Die Quelle der Geldflut
Zugleich verdienten die deutschen Firmen weltweit aber mehr und mehr, auch weil vielerorts gerade in Europa die Löhne noch stärker stiegen. Was am Ende bei hiesigen Arbeitsgebern und Vermögenden hängen blieb, also dieses „Ersparte“, floss in so schöne Dinge wie den Neuen Markt, und später dann in obskure US-Immobilienkredite oder an die bis dahin noch recht soliden Banken Spaniens oder Irlands. Blöd nur, dass für diese jüngsten Spekulationsverluste wir alle aufkommen müssen.
Dass aber die deutschen Lohnstückkosten Anfang dieses Jahrtausends infolge der deutschen Einheit und wegen der Globalisierung noch zu hoch gewesen sein sollen, das dürfte sich am Ende als die dreisteste Talkshow-Lüge herausstellen, die es jemals in diesem Land gegeben hat, wie wir demnächst hier an dieser Stelle noch sehen werden. Und sicher gab es seit 1970 häufig Lohnübertreibungen aus Sicht der Unternehmen – keine Frage. Aber das ist seit 1996 vorbei. Seitdem gibt es nur noch krasse Lohnuntertreibungen.

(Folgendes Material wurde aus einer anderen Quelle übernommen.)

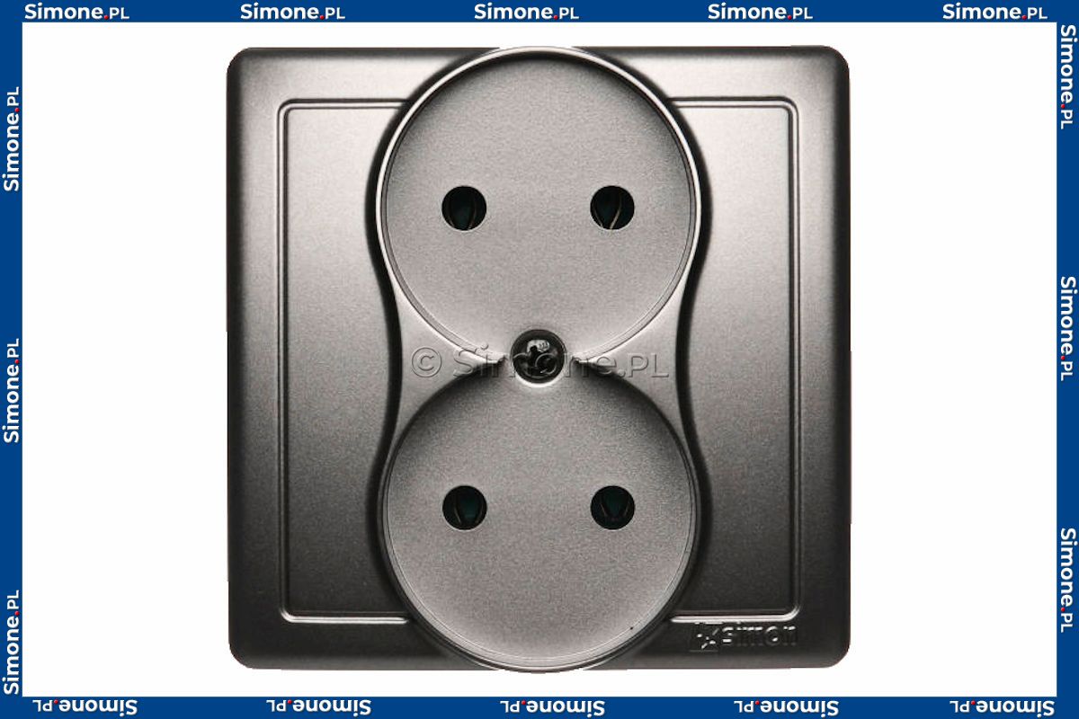 BMG2/29 Gniazdo podwójne bez bolca uziemiającego Satynowy Met. Simon Basic - Widok z przodu
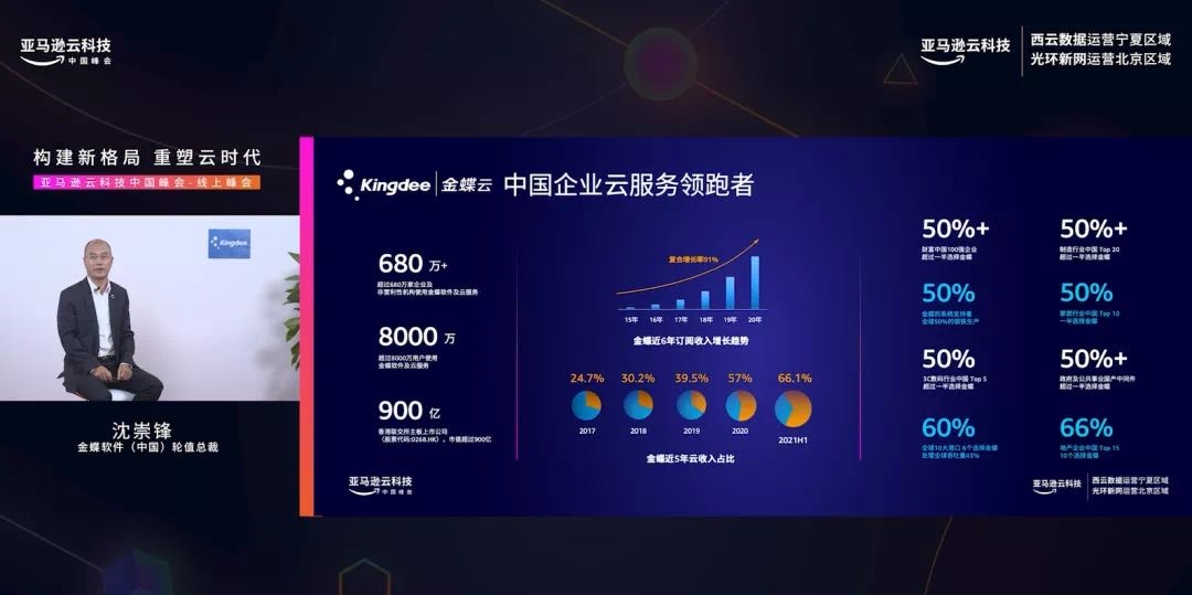 一年一度的行业内顶级峰会亚马逊云科技峰会2021年9月9日-14日于线上召开,本次峰会对焦5大主题演讲、8大技术、9大行业细分领域,并开设多场次行业分论坛,聚合国内外尖端技术讲师和业内领袖及余万名构建者共襄盛会。大会覆盖人群2.5万,主论坛邀约金蝶、保时捷、阿迪达斯、西门子、涂鸦智能5家亚马逊云合作伙伴出席,金蝶中国轮值总裁沈崇锋应邀出席并发表演讲。
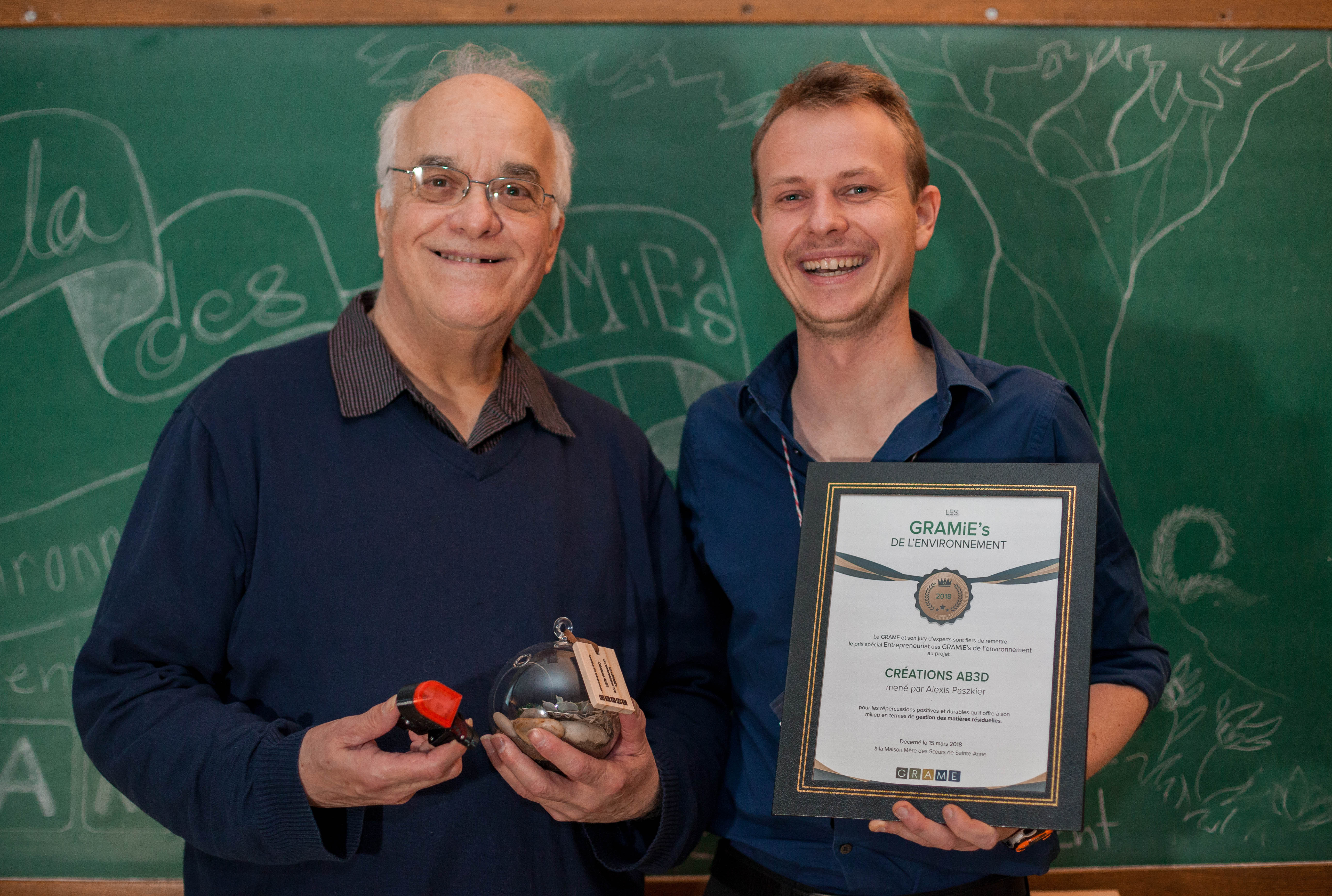 Créations AB3D propose un nouveau concept, des lumières de vélo imprimées en trois dimensions avec du plastique recyclé et qui fonctionnent sans batterie. La lumière de vélo s’allume à l’aide d’aimants et du mouvement de la roue. Cinq bouteilles en plastique permettent de créer une lumière, qui dure toute la vie.
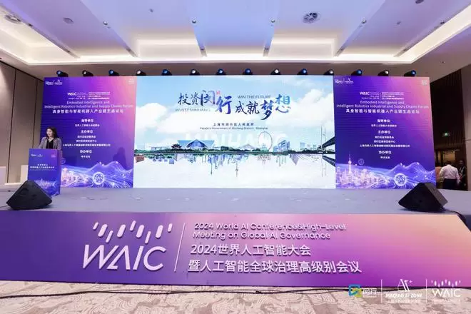 7月6日,正值小暑,上海世博展览馆迎来了一场盛会——「2024WAIC具身智能与智能机器人产业链生态论坛」。这场论坛由世界人工智能大会组委会指导,闵行区经济委员会、闵行区投资促进中心、上海马桥人工智能创新试验区建设发展有限公司主办,甲子光年协办。
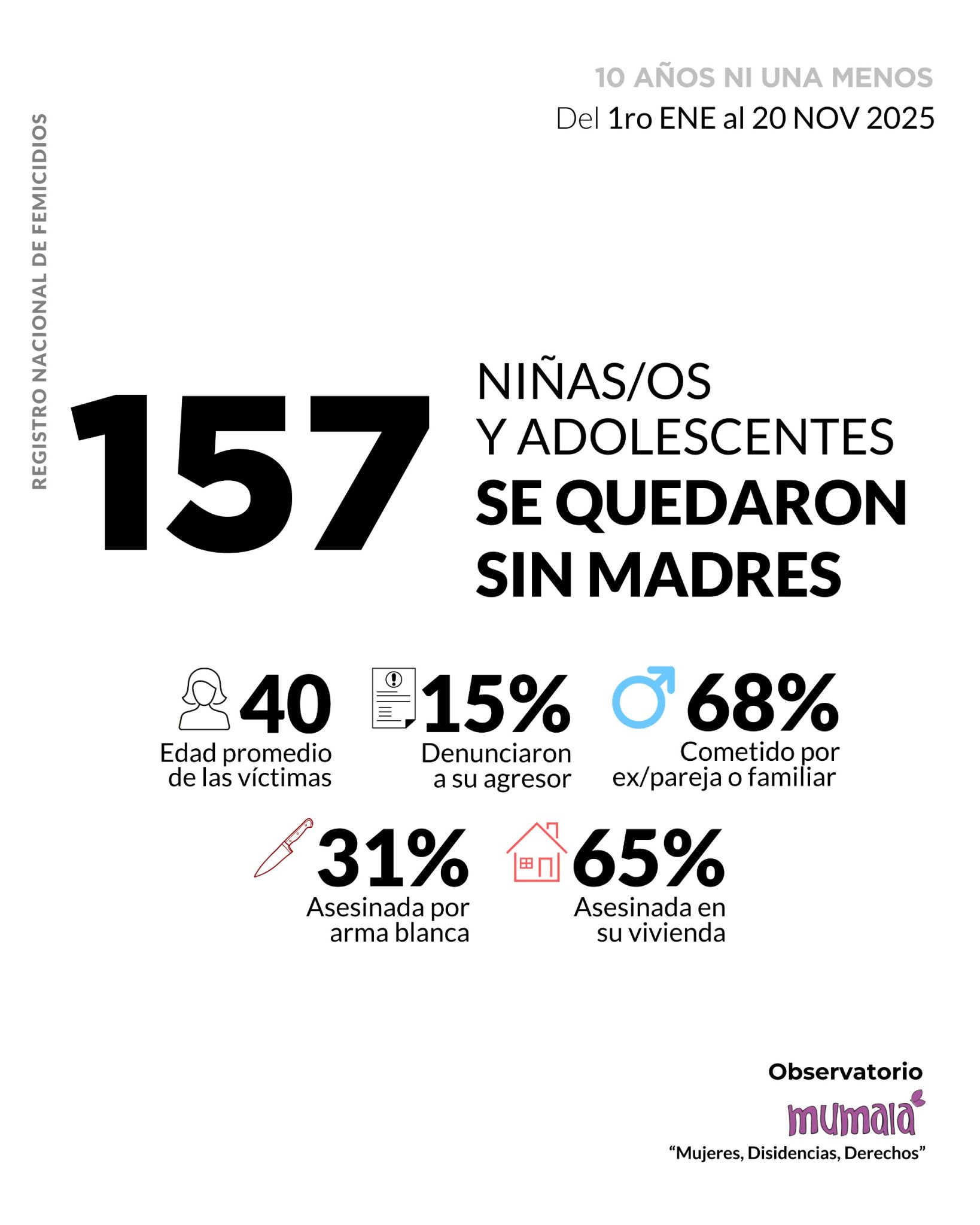 La cifra de violencia extrema no termina allí: se registraron 901 intentos de femicidio y 36 casos siguen en investigación, mientras que 157 niños, niñas y adolescentes quedaron huérfanos de madre.
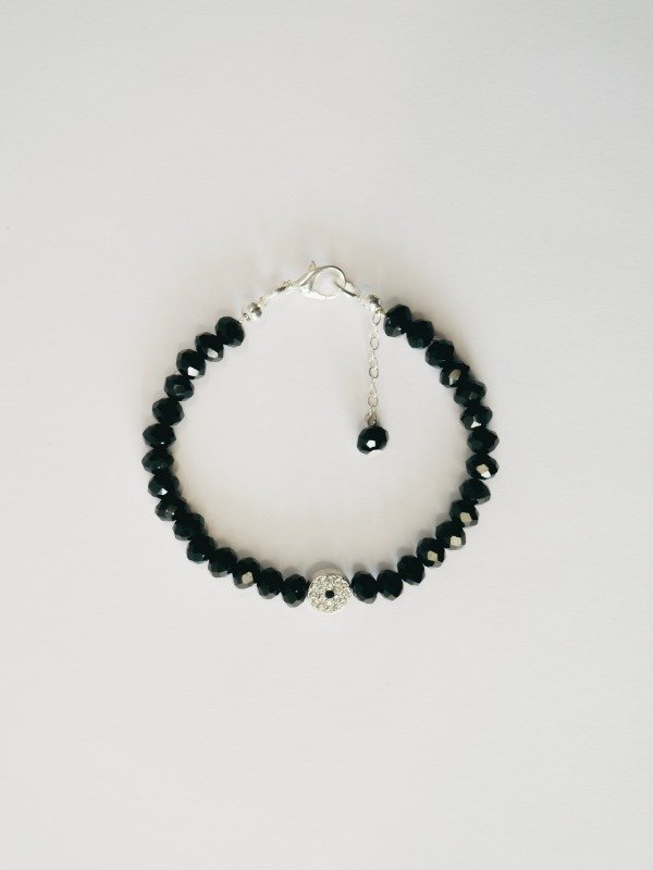 Pulsera realizada con cristal de roca facetada color negro, dije con strass y cierre mosquetón.
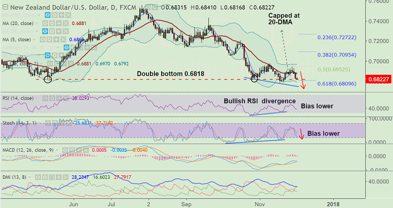 - The pair is trading with a bearish bias, fails to hold gains above 20-DMA.
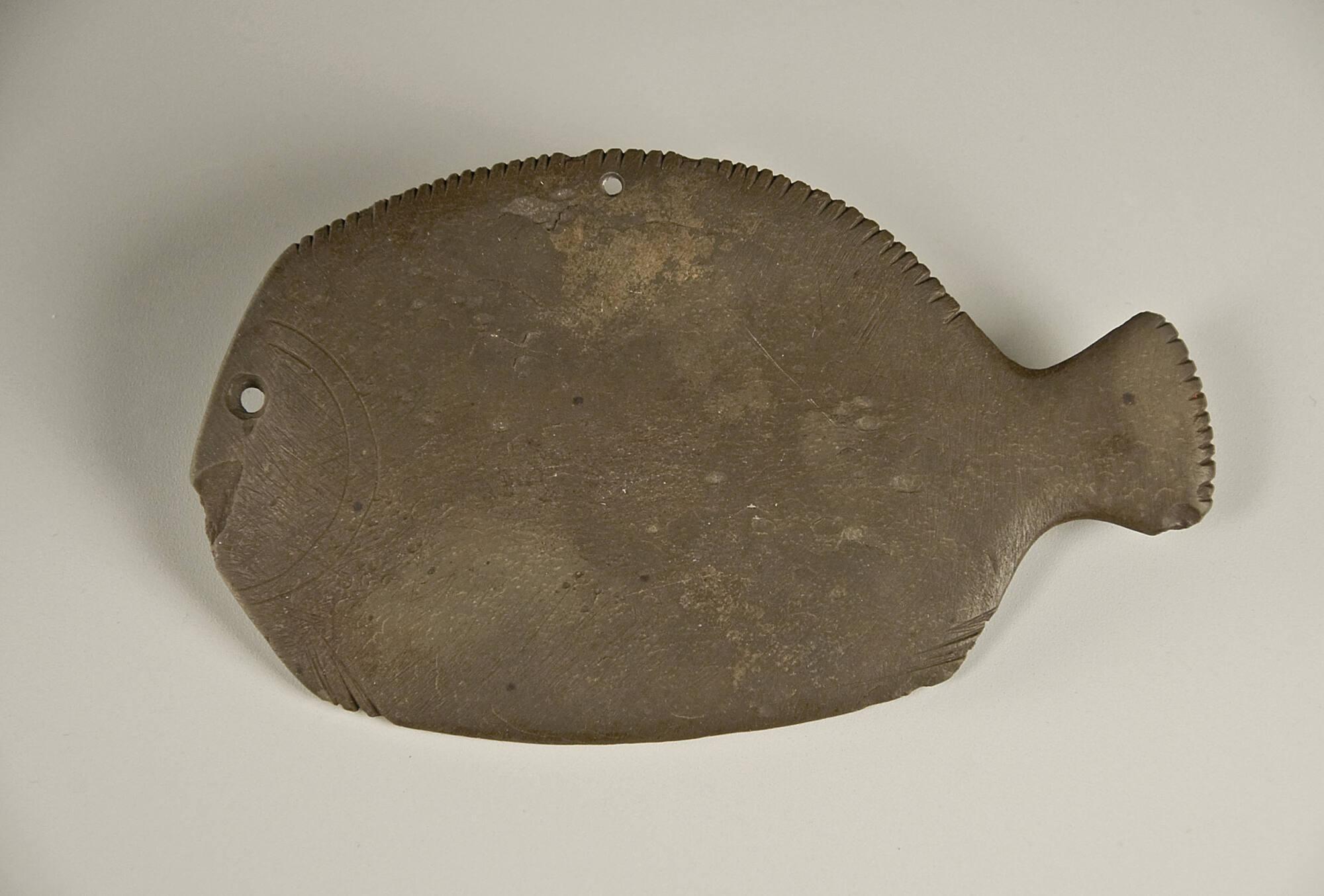 DescriptionCarved in the form of a long-bodied fish with an incised tail and gill markings. The surface is polished, and a small hole near the dorsal fin suggests suspension. The eye is drilled through, and the body is symmetrically flanked with fluted incisions to suggest fins.
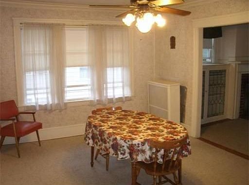 Very nice 2nd floor apartment in a great location-right across the street form Elm Park. Close to shopping, highways, and restaurants. 2-3 bedrooms. One is small and would be great for an office. Built in cabinets in the dining room, updated kitchen, hardwoods in the bedrooms and wall to wall carpet in the dining and living room. Enclosed front porch overlooks the park, and another enclosed porch in the rear. Backyard is available as a common area. Working FP in living room. A really nice apt!
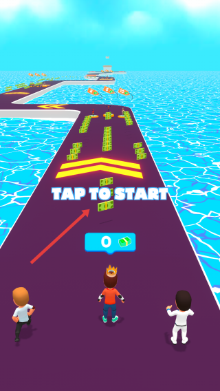 1、关卡开始,点击TAP TO START,操控角色在跑道出发,收集沿途金钱道具。

Die Kapitulation der Gewerkschaften
Leider gab es Mitte der 90er Jahre in Deutschland bereits ein Niedriglohnland im Osten, was die Macht der Gewerkschaften für immer gebrochen hat. Mit der Agenda 2010, mit der die SPD die Niedriglöhner auch im Westen einführte, haben die Gewerkschaften dann nur noch ihre Kapitulationsurkunde unterschrieben. (Dass sie damals keine Mindestlöhne wollten, darüber ärgern sie sich zu Recht noch heute…)
Nun haben wir den Salat. Jetzt wo wir alle die Gewerkschaften dringend bräuchten, strecken die Arbeitskämpfer nur noch müde ihre Fäuste empor. Jetzt, wo die FAZ bereits von Vollbeschäftigung träumt!
Selbst die Jungs aus der Finanzindustrie haben es begriffen
Dass die IG Metall mit nur 5,5 Prozent in den laufenden Tarifverhandlungen geht, das ist im wahrsten Sinne des Wortes ein Armutszeugnis für Deutschland. Mindestens 10 Prozent sollten es sein, um am Ende auch bei den 5 Prozent zu landen, die der Sachverständige der Bundesregierung Peter Bofinger für angemessen hält. Nicht einmal mehr auf „ihre“ Ökonomen hören die Gewerkschaften noch!
Denn Bofinger gilt auch als gewerkschaftsnah, was uns aber völlig egal sein kann – solange es darum geht, diesen Kapitalismus noch irgendwie zu retten. Genau um das geht es nämlich, um nichts mehr und um nichts weniger. Viele in der Finanzindustrie haben das längst begriffen, so wie der jahrelange Gewerkschaftshasser, einstige New Economy-Prophet und Spekulant Henry Blodget.